Keep in mind that the current recommended daily allowance of carbohydrates, which specifies the minimum amount required for good health, is 130 grams per day.
Low-carb diets are generally classified as those in which less than 45 percent of daily calories come from carbs.
For someone following a 1,600-calorie diet, that would equate to anything less than 180 grams of carbs per day.
Can Carb Cycling Help You Lose Weight?
It just might. In a 2011 study, women who cut carbs twice a week lost an average of nine pounds over the course of four months, while women on a Mediterranean diet lost five pounds. (Both groups were on calorie-restricted diets.)
Kleiner largely attributes that weight loss to one’s ability to stick to a diet.
When University of Toronto researchers analyzed findings from 59 scientific weight-loss articles, including 48 randomized control trials, they concluded that the ability to adhere to a diet was the number one predictor of weight-loss results.
That said, carb cycling is intended to be a short-term strategy for weight loss, done over several weeks or max, a couple of months, says Gilles.
“You cannot eat this way forever,” he says. “Your body needs carbs to function properly. People who do carb cycle do it only until they achieve their goal.”
But even over the short term, an extreme carb-cycling approach that involves yo-yoing between ketogenic and high-carb days can put you at risk of unintended and nasty consequences, says Lori Zanini, R.D., C.D.E., a spokesperson for the Academy of Nutrition and Dietetics.

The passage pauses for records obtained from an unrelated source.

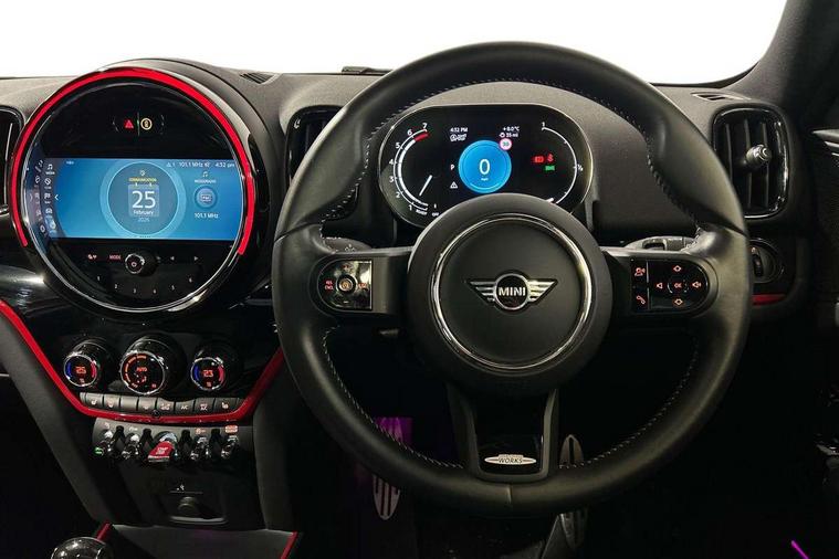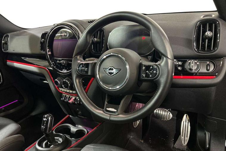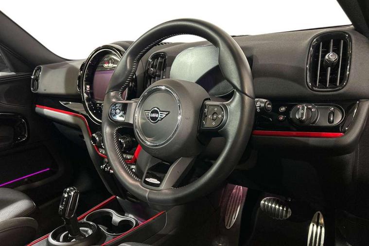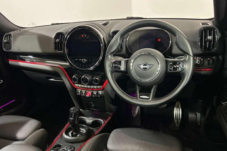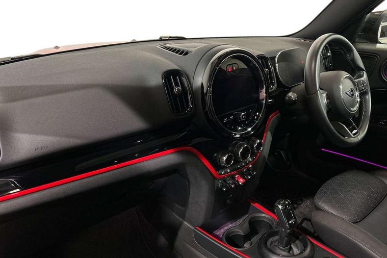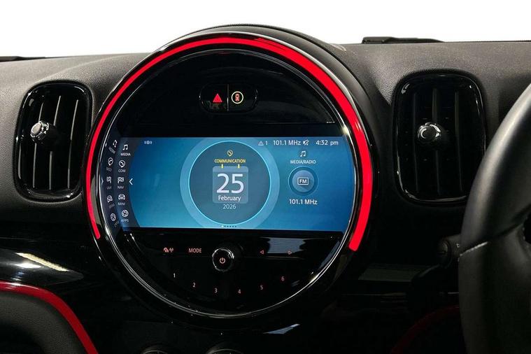 Active Guard incl speed limiting and lane departure functions with auto steering, and front collision warning with brake intervention, Automatic start/stop function with brake energy recuperation, Compatible mobile phone bluetooth with audio streaming, Cruise control with brake assist, Electro-mechanical speed dependant steering assistance, Instrument cluster, MINI Driving Modes - centre toggle switch to control driving setting (sport, mid and green), Mini E-call, On board computer, Double Vanos system, Fully variable valve control, High precision injection, Performance Control, Steptronic transmission with double clutch, FM tuner and DAB digital radio, 3rd brake light, Body colour fuel filler cap, Day time driving lights, Door sill strips, Dynamic brake lights, Electric windows, Heated rear window, Heated windscreen washer jets, John Cooper Works - aerodynamic kit (front and rear apron, spoiler), front and rear sport bumpers and part-painted side sills with door sill finishers, John Cooper Works Logo, LED fog lights, Model logo, Model logo on Tailgate, Rain sensor with auto headlights, Rear fog lights, Rear side wing doors, Rear window wiper, Side scuttle panel with integrated indicator, Split rear doors, Sun/heat protection glass, White indicator lenses, 12V socket in centre console, 3 seat bench in 2nd row, 360L luggage compartment capacity, 4 lashing eyes in luggage compartment, 40:20:40 split folding rear seats, Anthracite headlining with grab handles and clothes hooks, Chrome interior highlights, Colour line - Carbon black, Cupholders, English handbook, Front headrests, Glove compartment, Height and length steering column adjustment, Interior lighting with 12 basic colours selectable via toggle switch in roof, Isofix rear child seat preparation, LED reading lights, vanity mirror lights, front foot well light and spotlight on front seats, Mini John Cooper Works leather gearshift lever and handbrake gaiters, Multifunction steering wheel, Nappa leather steering wheel with MINI Yours logo, Rear headrests, Single front passenger seat, Stainless steel pedals and foot rest, Storage compartments in doors, Sunvisors with vanity mirrors, Excitement pack - Countryman, Navigation pack - Countryman, Piano black exterior pack - Countryman, 2 tone horn, 3 point seatbelts on all seats, 6 Airbags - front, side, head and seat belt tensioners, Anti-lock braking system (ABS), DSC - Dynamic Stability Control, Electronic handbrake, Front and rear disc brakes, Hill start assist, Manual rear child locks, Tyre pressure monitoring system, Alarm system with tilt sensor, monitoring doors, bonnet interior and tailgate, Auto drive away locking, Deadlocking function, Electronic vehicle immobiliser, Locking wheel bolts, Start/stop toggle with keyless go, Piano black JCW interior trim, Tool kit,
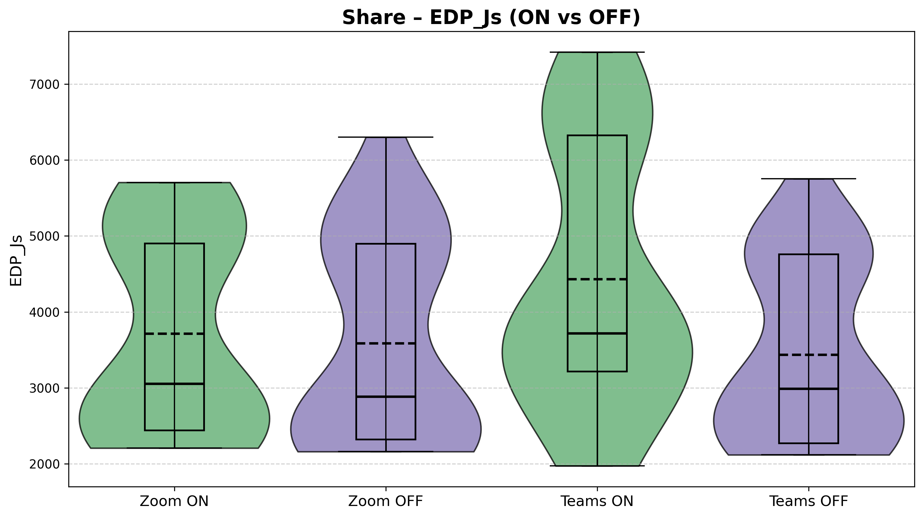 Figure 6: EDP (J*s) values for features screen sharing on vs off.
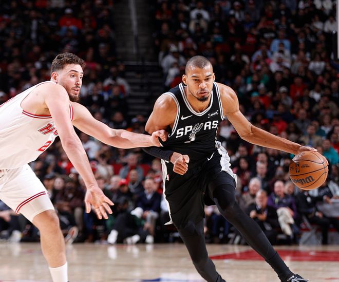 火箭主场迎战马刺,火箭少了范弗利特、亚当斯,马刺主力俱在,火箭长时间压制马刺,一度领先16分,三节战罢领先2分,第四节文班暴走,单节得到13分9板3帽,带领马刺单节赢了14分完成逆转,最终马刺111-99击败火箭。文班15中8得到28分16板3助2断5帽,福克斯11中6得到18分5板8助,哈珀11中8得到16分4板3助,火箭方面杜兰特17中8得到24分2板6助,阿门23中11得到25分7板4助4断,申京20中7得到18分10板7助2断。
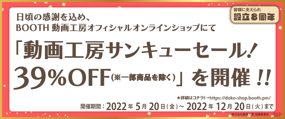 また、動画工房オフィシャルオンラインショップは皆様に支えられ設立8周年を迎えました。
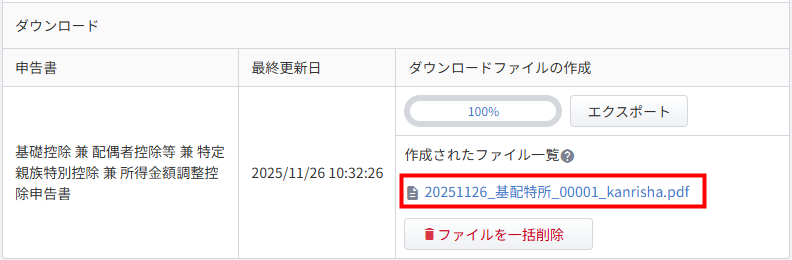 - 作成されたPDFをクリックし、申告書をダウンロードします。

“Our brain requires a minimum of 130 grams of carbohydrates per day, and if you are physically active your needs increase even more, which is important to consider for overall health,” she says. “In carb cycling, you’re manipulating your body’s fuel sources to the point right before your glycogen stores are completely depleted and muscle protein breakdown starts to occur. That’s when you stock back up with carbs, trying to prevent long-term detrimental effects on our body’s hormone balance and metabolism. When maintained for too long, extremely low-carb diets lower thyroid hormone (T3), testosterone, leptin, serotonin, and insulin levels, while increasing levels of the stress hormone cortisol.”
Unless you’re getting regular blood tests, there’s no surefire way of knowing when you’ve hit that line — until you’ve already crossed it and start to see your results and health suffer.
How to Carb Cycle the Right Way
If you decide carb cycling is a plan that’s right for you for a little while, there are a few things to keep in mind: Start by knowing when to go low and when to go high.
“Match your food intake to your activities,” says Gilles. “Eat more carbs on days that you exercise or exercise hard, but you don’t need to go to extremes.”
While the current RDA of 130 grams of carbs per day will cover your body’s basic fuel needs, you’ll need roughly 60 additional grams of carbs per hour of intense exercise each day, says Donald K. Layman, Ph.D., professor emeritus of food science and human nutrition at the University of Illinois.
If you sandwich your exercise between those extra carbs, all the better.
While, for the best results, you need to hit your workouts with plenty of carbs on board, research published in the Journal of the International Society of Sports Nutrition also shows that post-workout carbs help the body recover and build muscle so that you get more out of every single sweat session.
In the end, just remember that carbs are fuel. Treat them that way, and you’re on the right track to losing weight.